What you have to do:
Output the data below line for line, exactly, up to and including the line where "This 1.5 liter" appears.

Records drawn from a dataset
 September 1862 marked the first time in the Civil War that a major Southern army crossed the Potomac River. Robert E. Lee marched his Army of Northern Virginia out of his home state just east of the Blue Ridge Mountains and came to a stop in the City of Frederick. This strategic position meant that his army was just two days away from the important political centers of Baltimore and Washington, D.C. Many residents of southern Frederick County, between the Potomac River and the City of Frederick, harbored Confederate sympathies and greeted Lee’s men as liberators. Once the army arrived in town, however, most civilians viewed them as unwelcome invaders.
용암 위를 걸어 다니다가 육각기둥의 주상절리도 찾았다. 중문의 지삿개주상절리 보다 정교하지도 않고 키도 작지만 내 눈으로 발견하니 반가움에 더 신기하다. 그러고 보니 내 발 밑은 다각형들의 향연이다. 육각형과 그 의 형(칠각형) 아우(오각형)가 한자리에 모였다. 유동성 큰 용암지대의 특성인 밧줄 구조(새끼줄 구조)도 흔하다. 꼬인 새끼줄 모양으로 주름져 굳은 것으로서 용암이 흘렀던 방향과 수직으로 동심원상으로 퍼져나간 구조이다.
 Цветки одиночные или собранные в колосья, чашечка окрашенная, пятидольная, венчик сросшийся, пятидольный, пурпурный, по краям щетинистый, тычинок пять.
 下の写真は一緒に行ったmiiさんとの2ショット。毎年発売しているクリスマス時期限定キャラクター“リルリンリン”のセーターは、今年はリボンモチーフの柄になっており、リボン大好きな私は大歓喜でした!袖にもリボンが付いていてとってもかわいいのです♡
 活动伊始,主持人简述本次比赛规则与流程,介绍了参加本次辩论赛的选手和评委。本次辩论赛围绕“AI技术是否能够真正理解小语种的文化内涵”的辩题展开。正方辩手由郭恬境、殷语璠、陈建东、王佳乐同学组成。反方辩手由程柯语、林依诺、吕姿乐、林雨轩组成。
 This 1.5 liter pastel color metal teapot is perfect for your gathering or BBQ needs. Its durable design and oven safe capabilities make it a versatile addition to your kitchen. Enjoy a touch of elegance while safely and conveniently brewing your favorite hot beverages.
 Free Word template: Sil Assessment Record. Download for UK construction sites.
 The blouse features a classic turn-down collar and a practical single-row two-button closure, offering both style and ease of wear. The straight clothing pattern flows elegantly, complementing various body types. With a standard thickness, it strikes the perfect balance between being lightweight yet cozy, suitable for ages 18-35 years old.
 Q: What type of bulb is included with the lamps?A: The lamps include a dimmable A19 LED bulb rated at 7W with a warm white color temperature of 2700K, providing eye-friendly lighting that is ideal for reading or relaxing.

Finished task:
 September 1862 marked the first time in the Civil War that a major Southern army crossed the Potomac River. Robert E. Lee marched his Army of Northern Virginia out of his home state just east of the Blue Ridge Mountains and came to a stop in the City of Frederick. This strategic position meant that his army was just two days away from the important political centers of Baltimore and Washington, D.C. Many residents of southern Frederick County, between the Potomac River and the City of Frederick, harbored Confederate sympathies and greeted Lee’s men as liberators. Once the army arrived in town, however, most civilians viewed them as unwelcome invaders.
용암 위를 걸어 다니다가 육각기둥의 주상절리도 찾았다. 중문의 지삿개주상절리 보다 정교하지도 않고 키도 작지만 내 눈으로 발견하니 반가움에 더 신기하다. 그러고 보니 내 발 밑은 다각형들의 향연이다. 육각형과 그 의 형(칠각형) 아우(오각형)가 한자리에 모였다. 유동성 큰 용암지대의 특성인 밧줄 구조(새끼줄 구조)도 흔하다. 꼬인 새끼줄 모양으로 주름져 굳은 것으로서 용암이 흘렀던 방향과 수직으로 동심원상으로 퍼져나간 구조이다.
 Цветки одиночные или собранные в колосья, чашечка окрашенная, пятидольная, венчик сросшийся, пятидольный, пурпурный, по краям щетинистый, тычинок пять.
 下の写真は一緒に行ったmiiさんとの2ショット。毎年発売しているクリスマス時期限定キャラクター“リルリンリン”のセーターは、今年はリボンモチーフの柄になっており、リボン大好きな私は大歓喜でした!袖にもリボンが付いていてとってもかわいいのです♡
 活动伊始,主持人简述本次比赛规则与流程,介绍了参加本次辩论赛的选手和评委。本次辩论赛围绕“AI技术是否能够真正理解小语种的文化内涵”的辩题展开。正方辩手由郭恬境、殷语璠、陈建东、王佳乐同学组成。反方辩手由程柯语、林依诺、吕姿乐、林雨轩组成。
 This 1.5 liter pastel color metal teapot is perfect for your gathering or BBQ needs. Its durable design and oven safe capabilities make it a versatile addition to your kitchen. Enjoy a touch of elegance while safely and conveniently brewing your favorite hot beverages.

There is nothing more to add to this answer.